Merge Independent Hive and Spark Catalogs

If you upgraded to HDP 3.1.5 from an earlier version of HDP 3.x and did not convert independent catalogs to a shared catalog, you must do this before migrating tables to CDP.

In HDP 3.0 - 3.1.4, Spark and Hive use independent catalogs for accessing tables created using SparkSQL or Hive tables. A table created from Spark resides in the Spark catalog. A table created from Hive resides in the Hive catalog. Databases fall under the catalog namespace, similar to how tables belong to a database namespace. In HPD 3.1.5, Spark and Hive share a catalog in Hive metastore (HMS) instead of using separate catalogs.

The Apache Hive schematool in HDP 3.1.5 and CDP releases supports the mergeCatalog task.
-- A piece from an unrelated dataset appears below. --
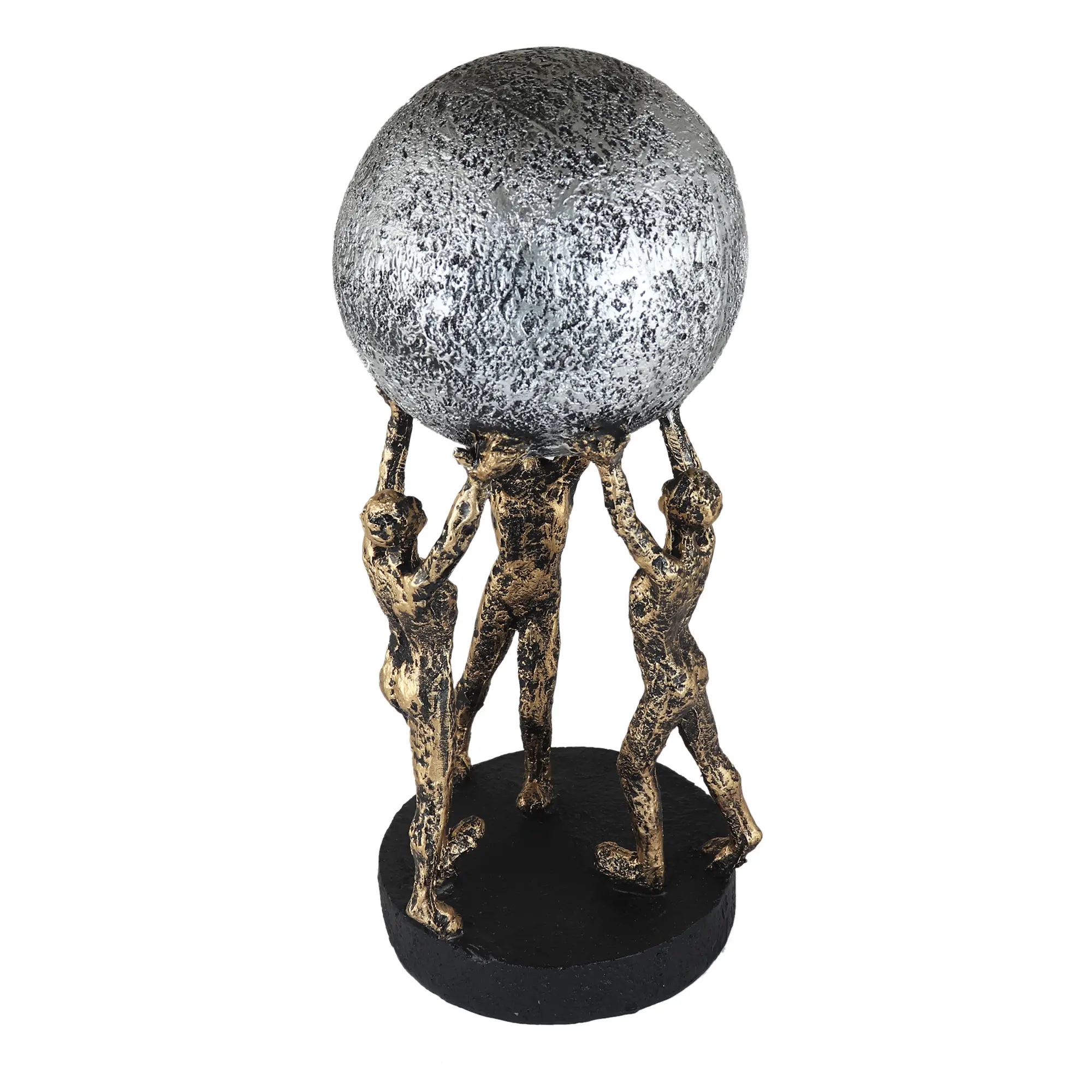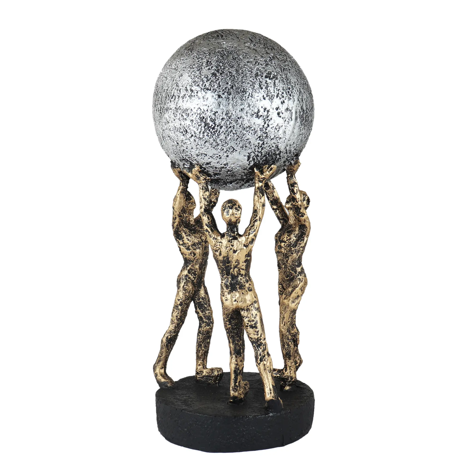 The Figures: The three figures are stylized and abstract, representing humanity rather than specific individuals. Their arms are raised in unison, demonstrating that balance and success require equal effort from all sides. The antique gold finish gives them a timeless, enduring quality.

This task performs the following actions:
  • Detects conflicts in DB names across catalogs and in case of conflicts, lists each conflict, and exits.
  • When there are no conflicts, the following changes occur:
    • Adds EXTERNAL=true to the table properties of all managed tables in the source catalog.
    • Adds external.table.purge=true in table properties of all managed tables in the source catalog.
    • Sets tableType=EXTERNALcodeph> for all managed tables in the source catalog.
    • Sets CTLG_NAME=<toCatalog> for all databases in the source catalog.
Use the following syntax to merge the databases in the catalog named spark into a catalog named hive, which is the default catalog for HiveServer (HS2).
schematool -dbType <database> -mergeCatalog spark -toCatalog hive [-verbose] [-dryRun] 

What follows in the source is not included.